What you will do:
Within the entries below, find the portion that opens with the line containing "- Include 10" and closes with the line containing "114年9月1日起「榮民及義士至輔導會所屬醫療機構就醫全額補助健保部分負擔」". Retype that portion exactly and only.

Dataset entries:
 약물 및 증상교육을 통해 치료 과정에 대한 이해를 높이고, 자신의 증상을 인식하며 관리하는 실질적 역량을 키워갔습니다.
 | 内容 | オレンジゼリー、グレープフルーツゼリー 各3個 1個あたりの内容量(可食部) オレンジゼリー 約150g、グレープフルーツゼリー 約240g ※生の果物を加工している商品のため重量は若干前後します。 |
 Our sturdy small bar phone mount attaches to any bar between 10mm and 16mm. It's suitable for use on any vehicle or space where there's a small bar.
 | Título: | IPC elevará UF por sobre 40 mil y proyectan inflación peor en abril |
---
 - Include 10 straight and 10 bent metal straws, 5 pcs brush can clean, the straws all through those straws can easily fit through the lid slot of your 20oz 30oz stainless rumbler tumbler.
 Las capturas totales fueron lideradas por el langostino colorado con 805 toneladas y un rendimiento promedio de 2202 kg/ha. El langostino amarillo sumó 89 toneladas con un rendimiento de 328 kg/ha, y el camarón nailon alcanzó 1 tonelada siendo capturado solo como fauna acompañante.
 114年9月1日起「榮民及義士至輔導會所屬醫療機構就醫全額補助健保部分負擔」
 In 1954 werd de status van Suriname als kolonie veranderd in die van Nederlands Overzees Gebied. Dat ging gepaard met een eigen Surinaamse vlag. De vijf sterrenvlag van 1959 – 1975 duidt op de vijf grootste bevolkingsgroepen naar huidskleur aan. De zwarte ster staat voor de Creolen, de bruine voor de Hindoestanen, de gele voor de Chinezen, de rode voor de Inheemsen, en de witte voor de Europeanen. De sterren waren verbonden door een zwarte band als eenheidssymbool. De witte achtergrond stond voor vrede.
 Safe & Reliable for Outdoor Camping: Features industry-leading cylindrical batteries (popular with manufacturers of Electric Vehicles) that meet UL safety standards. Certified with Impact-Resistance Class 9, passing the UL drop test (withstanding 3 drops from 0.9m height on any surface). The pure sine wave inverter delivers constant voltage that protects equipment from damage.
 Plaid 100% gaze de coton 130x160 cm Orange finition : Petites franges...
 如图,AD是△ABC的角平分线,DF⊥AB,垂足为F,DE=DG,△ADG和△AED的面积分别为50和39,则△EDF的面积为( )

Solution:
 - Include 10 straight and 10 bent metal straws, 5 pcs brush can clean, the straws all through those straws can easily fit through the lid slot of your 20oz 30oz stainless rumbler tumbler.
 Las capturas totales fueron lideradas por el langostino colorado con 805 toneladas y un rendimiento promedio de 2202 kg/ha. El langostino amarillo sumó 89 toneladas con un rendimiento de 328 kg/ha, y el camarón nailon alcanzó 1 tonelada siendo capturado solo como fauna acompañante.
 114年9月1日起「榮民及義士至輔導會所屬醫療機構就醫全額補助健保部分負擔」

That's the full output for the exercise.